— DATASET CONTENT —
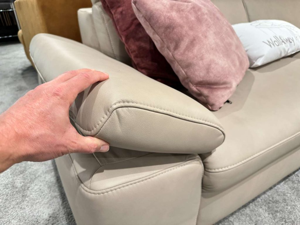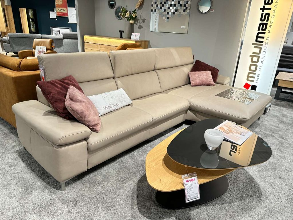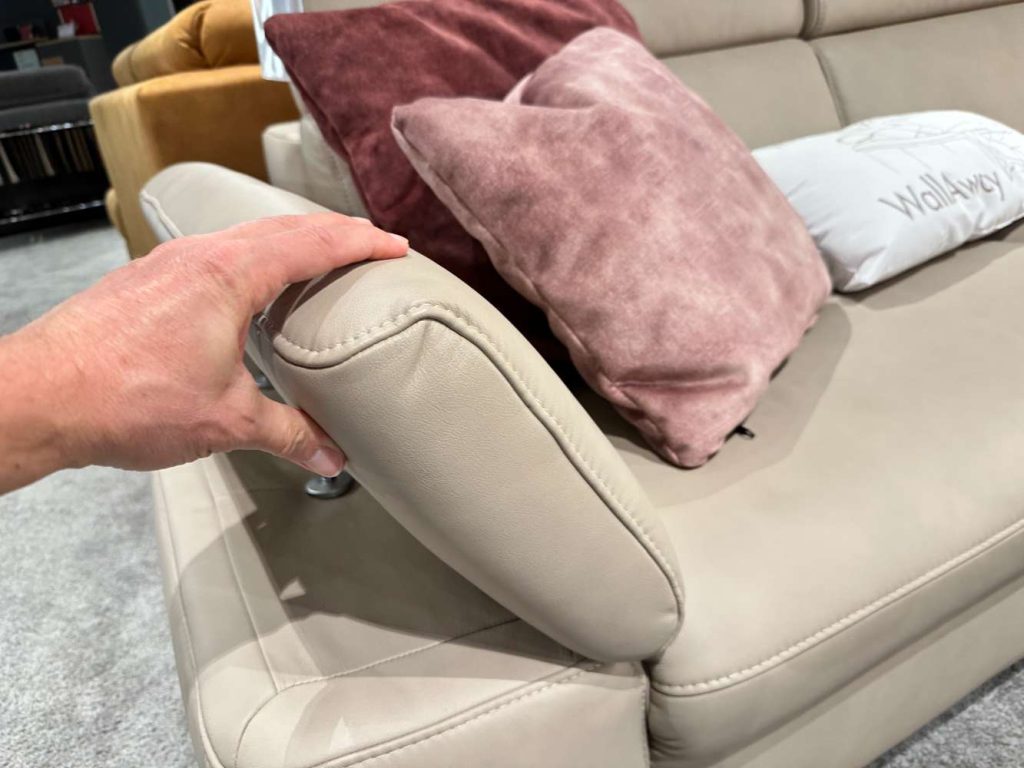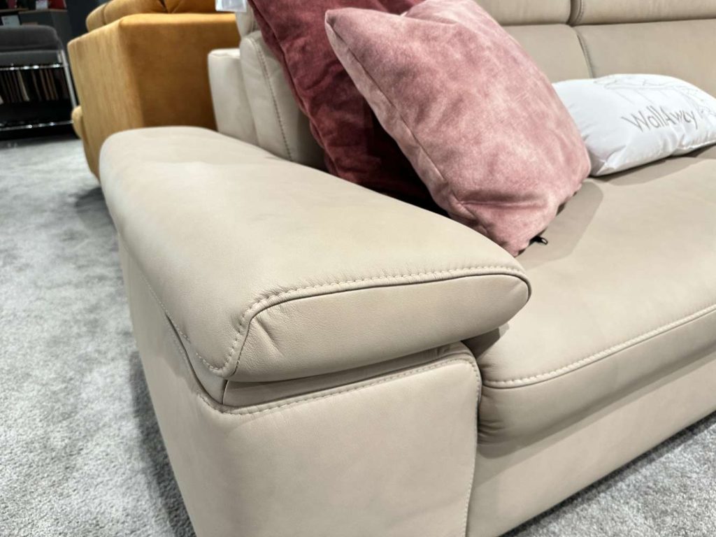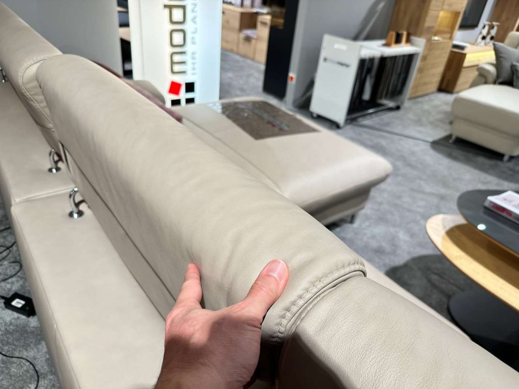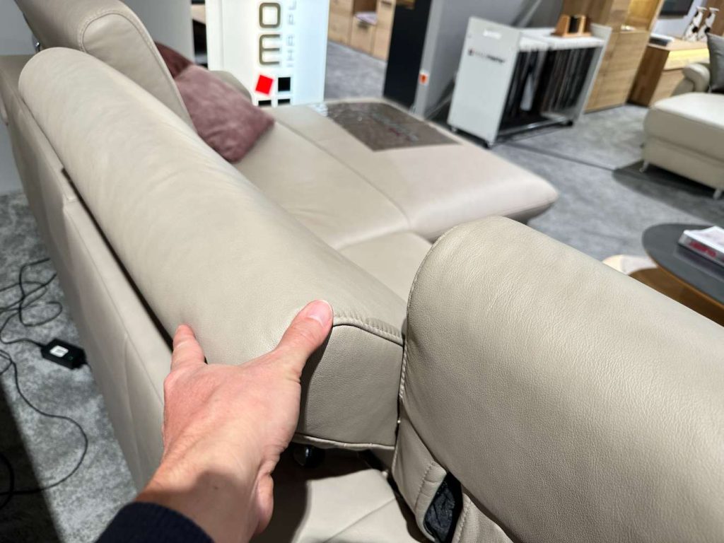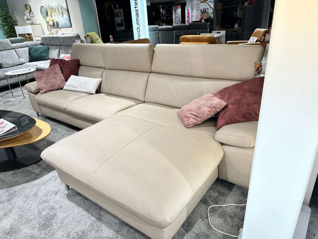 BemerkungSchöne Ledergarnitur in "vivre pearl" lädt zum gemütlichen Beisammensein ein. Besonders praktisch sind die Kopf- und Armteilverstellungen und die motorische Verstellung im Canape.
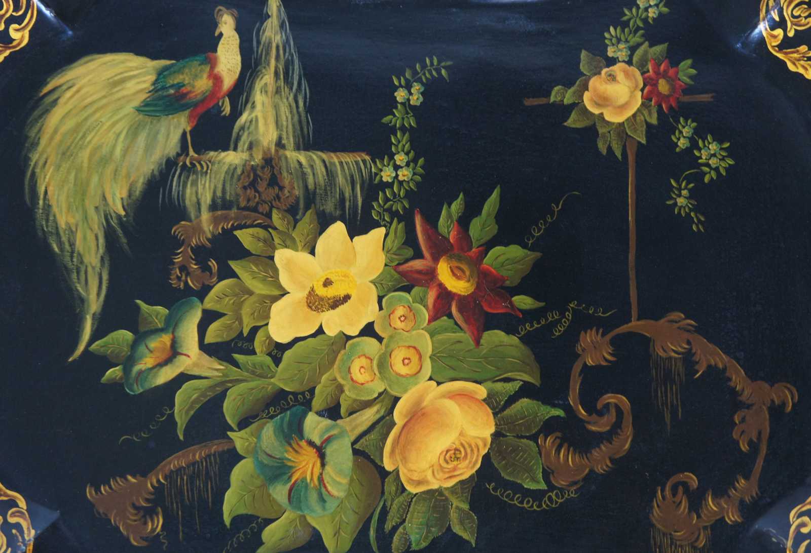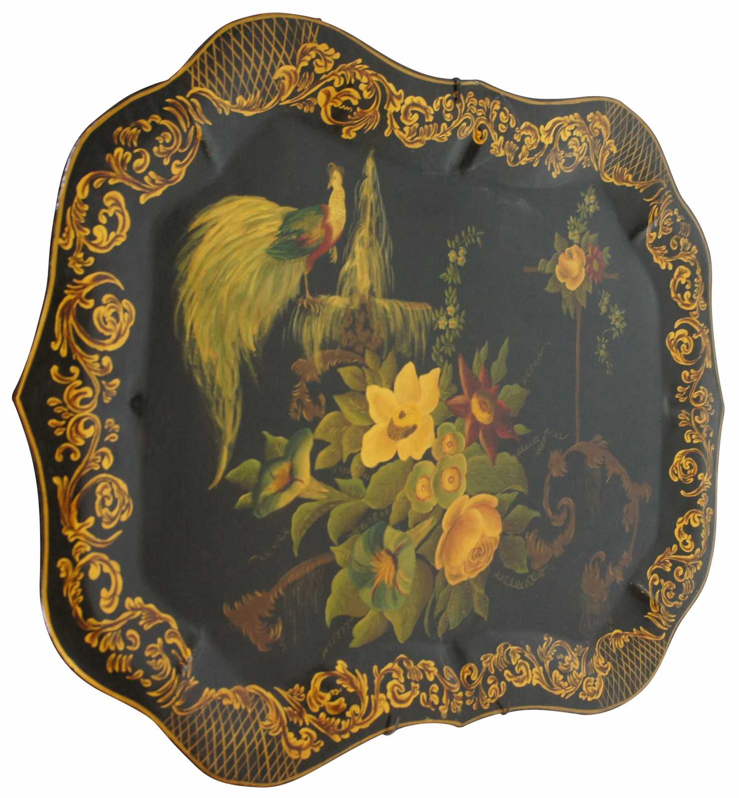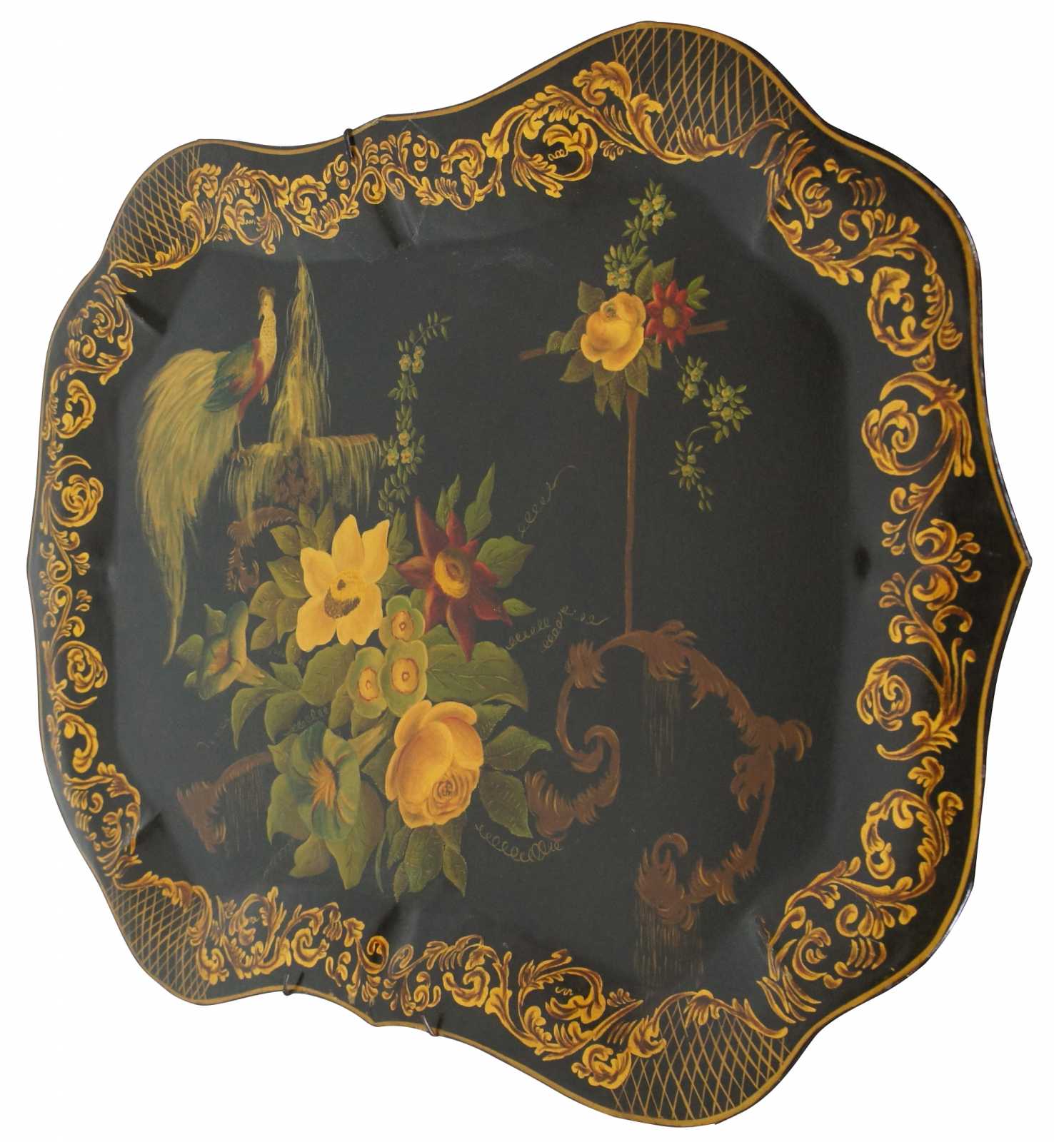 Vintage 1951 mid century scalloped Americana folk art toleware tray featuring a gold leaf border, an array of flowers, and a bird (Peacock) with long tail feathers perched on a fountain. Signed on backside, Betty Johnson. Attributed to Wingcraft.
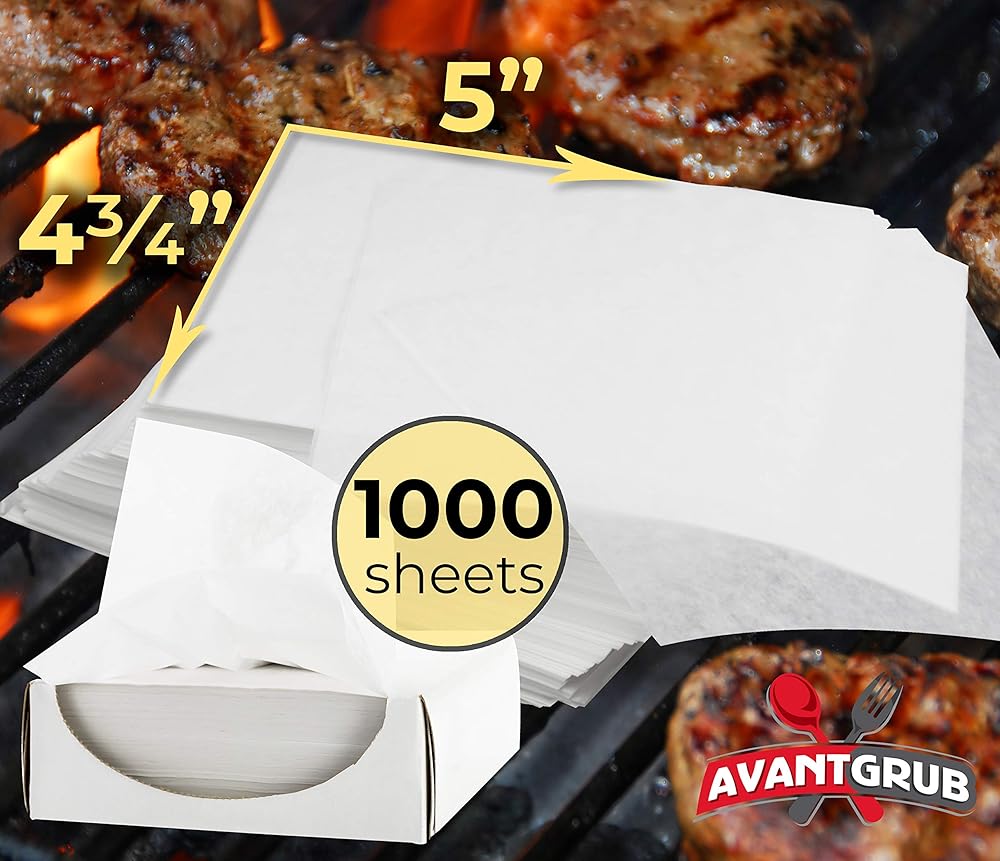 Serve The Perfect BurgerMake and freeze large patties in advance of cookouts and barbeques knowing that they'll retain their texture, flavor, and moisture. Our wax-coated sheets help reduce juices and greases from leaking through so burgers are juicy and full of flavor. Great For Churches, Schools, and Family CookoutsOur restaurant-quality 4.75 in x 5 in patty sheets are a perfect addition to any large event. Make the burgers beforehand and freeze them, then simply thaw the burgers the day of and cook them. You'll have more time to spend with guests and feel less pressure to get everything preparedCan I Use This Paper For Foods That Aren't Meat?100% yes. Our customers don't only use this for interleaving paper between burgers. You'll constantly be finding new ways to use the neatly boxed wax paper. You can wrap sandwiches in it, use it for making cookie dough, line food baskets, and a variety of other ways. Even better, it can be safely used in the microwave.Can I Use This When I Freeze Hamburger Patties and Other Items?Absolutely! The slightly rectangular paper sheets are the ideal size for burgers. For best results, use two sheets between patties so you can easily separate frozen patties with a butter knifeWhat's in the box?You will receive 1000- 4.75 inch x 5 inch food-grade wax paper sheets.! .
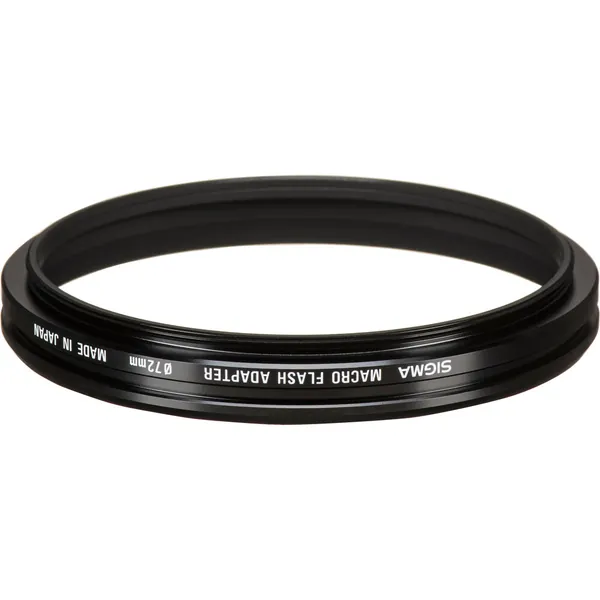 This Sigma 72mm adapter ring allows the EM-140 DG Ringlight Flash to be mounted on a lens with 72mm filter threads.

— TASK DETAILS —
Here the job is to output the lines from the top of the listing through the line holding "Vintage 1951 mid", word for word and without pictures.

— WRITTEN RESPONSE —
 BemerkungSchöne Ledergarnitur in "vivre pearl" lädt zum gemütlichen Beisammensein ein. Besonders praktisch sind die Kopf- und Armteilverstellungen und die motorische Verstellung im Canape.
 Vintage 1951 mid century scalloped Americana folk art toleware tray featuring a gold leaf border, an array of flowers, and a bird (Peacock) with long tail feathers perched on a fountain. Signed on backside, Betty Johnson. Attributed to Wingcraft.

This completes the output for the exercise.